Lowenstein brings a masterful organization to the book, looking at material chronologically from 1815 to 1871, from Napoleon to German Unification; Imperial Germany from 1871 to 1918; and the final pre-Holocaust chapter from the 1920s through the Nazi pre-war era. He organized the book regionally, then topically. He illuminated whatever he touched. He makes the demographics come to life.

Space will not permit me to mirror his detail, so let me illustrate his skill and brilliance with some random insights chosen from multitudes.

Lowenstein never claimed more credit than he deserved. Notice the subtitle of his book: “Based on the Collection and Research of Professor Osiel Oscar Schmetz.” 

Lowenstein is a meticulous scholar. For example, he details a small but significant difference between the 1910 census and 1925 census. In 1910, all who were in Germany were counted in the census, including tourists; in 1925, only residents were counted. We have all heard of the attempt to ask the citizenship question on the U.S. census in 2020. We should pay attention not only to the questions being asked, but of whom the questions are being asked.

Lowenstein has a sense of irony. The 1944 census measured the Jewish population of Germany on the basis of the 1939 numbers, at a time when with only two exceptions, the intermarried Jews and those hiding underground, the entire German Jewish population had been deported to death camps or Theresienstadt.

Lowenstein also has a sense of humor buried in more than 700 pages. He apologizes that he did not detail Jews by occupation and economic standing in order “to reduce the project to a manageable size.” Seven hundred plus pages with maps, graphics, tables and text must have been easily manageable for him.

Statistics are interpreted in context; thus, the Jewish process of urbanization is treated in relation to the urbanization of non-Jewish Germans.

He does not miss countervailing tendencies. Despite dramatic urbanization, Jewish communities in small towns were vibrant, almost until the end.

Lowenstein links the Jewish birthrate to urbanization. Urbanized residents had lower birthrates, yet Jews had a lower birthrate than their gentile neighbors, both in cities and in the countryside.

Lowenstein always places the Jewish experience in its larger context. World War I resulted in a decrease in marriage yet a notable increase in German-Jewish intermarriage.

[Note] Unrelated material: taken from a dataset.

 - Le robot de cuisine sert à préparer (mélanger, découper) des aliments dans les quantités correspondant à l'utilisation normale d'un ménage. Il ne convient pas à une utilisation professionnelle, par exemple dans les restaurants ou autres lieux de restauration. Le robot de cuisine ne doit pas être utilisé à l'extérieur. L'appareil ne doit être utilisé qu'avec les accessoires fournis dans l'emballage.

Intermarriage increased during the Weimar period as Jews were more integrated into German society, yet notably, in the immediate postwar period when soldiers, Jews and non-Jews alike returned home from war, actual intermarriage rates were the lowest of any year between 1912 and 1933.

Lowenstein is rigorously sensitive to population changes during the Nazi era. Jews emigrated, with the young leaving before the old; men, regarded as more vulnerable, left before women. Even those who stayed migrated from small towns to larger ones, where they hoped they could be more anonymous. Intermarriage virtually ceased for a very basic reason: It was outlawed. However, especially in the early years, marriage rates increased in anticipation and preparation for emigration and perhaps also for the need for stability in a most turbulent time.

Lowenstein pays careful attention to the different ways Jews were classified in the Nazi-era census — Full Jews by race and Jews by religion.

His work focuses on birthrates and death rates. From 1914 onward, the death rates of German Jews exceeded the birthrate, but immigration offset the natural decline in population. In the 1930s, during the Nazi reign, more than twice as many Jews died as were born. Lowenstein even offers a correlation between birth-control use and birthrates.

Suffice it to say, if you give a gifted scholar who knows the history of this community the raw data gathered meticulously by a diligent demographer, the result is a book that tells the fascinating yet tragic story of German Jewry. It is a tribute to Lowenstein that even in his academic retirement, he undertook so onerous a task. It is an even greater tribute that he brought the work to life in a manner that will only enhance the significant legacy of his distinguished scholarship.


Michael Berenbaum is director of the Sigi Ziering Institute and a professor of Jewish Studies at American Jewish University.